解析句子和构建文本统计(C#)
本文描述了从文本主体中解析句子的三种方法;本文介绍了三种方法,以说明使用不同方法的优缺点。

引言
本文描述了从文本主体中解析句子的三种方法;本文介绍了三种方法,以说明使用不同方法的优缺点。演示应用程序还描述了一种在文本主体上生成句子计数、单词计数和字符计数统计信息的方法。

从文本主体中解析句子的三种方法包括:
- 解析合理:一种基于使用典型句子终止符分割文本的方法,其中保留句子终止符。
- 最佳解析:一种基于使用正则表达式分割文本的方法,并且保留句子终止符,以及
- 无结尾解析:一种使用典型句子终止符分割文本的方法,其中不将终止符保留为句子的一部分。
演示应用程序包含一个 `textbox` 控件中的一些默认文本;三个按钮用于使用上述三种方法之一解析文本;以及三个标签控件用于显示在文本主体上生成的摘要统计信息。一旦应用程序运行,点击任意一个按钮将导致解析出的每个句子显示在窗体底部的 `listbox` 控件中,并显示窗体右上角三个标签中的摘要统计信息。
入门
要开始,请解压包含的项目并在 Visual Studio 2008 环境中打开解决方案。在解决方案资源管理器中,您应该会看到这些文件(图 2)。

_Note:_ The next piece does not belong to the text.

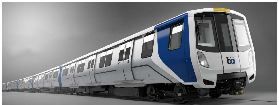
Figure 1. Computer Design Rendering – New BART Rail Car – Bombardier

This Invitation for Proposals will not lead to award of a contract. This process will identify and rank Proposals in a subsequent phase. Following BART's evaluation, BART may enter into BART Commercial License Agreements (BCLAs) that are subject to, among other things, design review, permitting, insurance and the California Environmental Quality Act (CEQA) requirements.

从图 2 可以看出,有一个包含单个窗体的 WinForms 项目。此应用程序所需的所有代码都包含在该窗体的代码中。
主窗体 (Form1.cs)
应用程序的主窗体 `Form1` 包含了所有必需的代码。该窗体包含一个 `textbox` 控件中的默认文本;三个按钮用于执行用于将文本主体解析为 `string` 集合的三个函数,每个句子一个。您可以替换、删除或添加 `textbox` 控件中的文本,以针对您自己的文本运行这些方法。三个标签控件用于显示 `textbox` 控件中包含的文本的摘要统计信息(句子、单词和字符计数)。每次将文本解析为句子时,都会更新这些摘要统计信息。

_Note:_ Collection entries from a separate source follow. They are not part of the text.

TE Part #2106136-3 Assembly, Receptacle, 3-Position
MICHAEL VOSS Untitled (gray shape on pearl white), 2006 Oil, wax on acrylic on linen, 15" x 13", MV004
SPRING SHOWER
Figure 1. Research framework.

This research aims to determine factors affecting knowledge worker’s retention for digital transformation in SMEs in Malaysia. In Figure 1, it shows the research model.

如果您愿意在 IDE 中打开代码视图,您将看到代码文件以以下库导入开始:
using System;
using System.Collections;
using System.ComponentModel;
using System.Data;
using System.Drawing;
using System.Text;
using System.Windows.Forms;
using System.Text.RegularExpressions;
请注意,已修改默认设置,现在包括对正则表达式库的引用。
导入之后,定义了命名空间、类和构造函数。
namespace SentenceParser
{
/// <summary>
/// Demonstrate three approaches to parsing
/// a body of text into sentences and also
/// demonstrates an approach to building
/// statistics on the text to include the
/// number of sentences, the number of
/// words and the number of characters
/// used in the text.
/// </summary>
public partial class Form1 : Form
{
public Form1()
{
InitializeComponent();
}
接下来是一个名为“最佳句子解析器”的区域;该区域包含一个名为 `SplitSentences` 的函数,该函数接受一个 `string` 作为参数。此方法在解析句子方面通常能产生最佳结果,但如果文本包含错误,可能会发出不准确的值。该区域还包含一个按钮点击事件处理程序,用于调用 `SplitSentences` 函数。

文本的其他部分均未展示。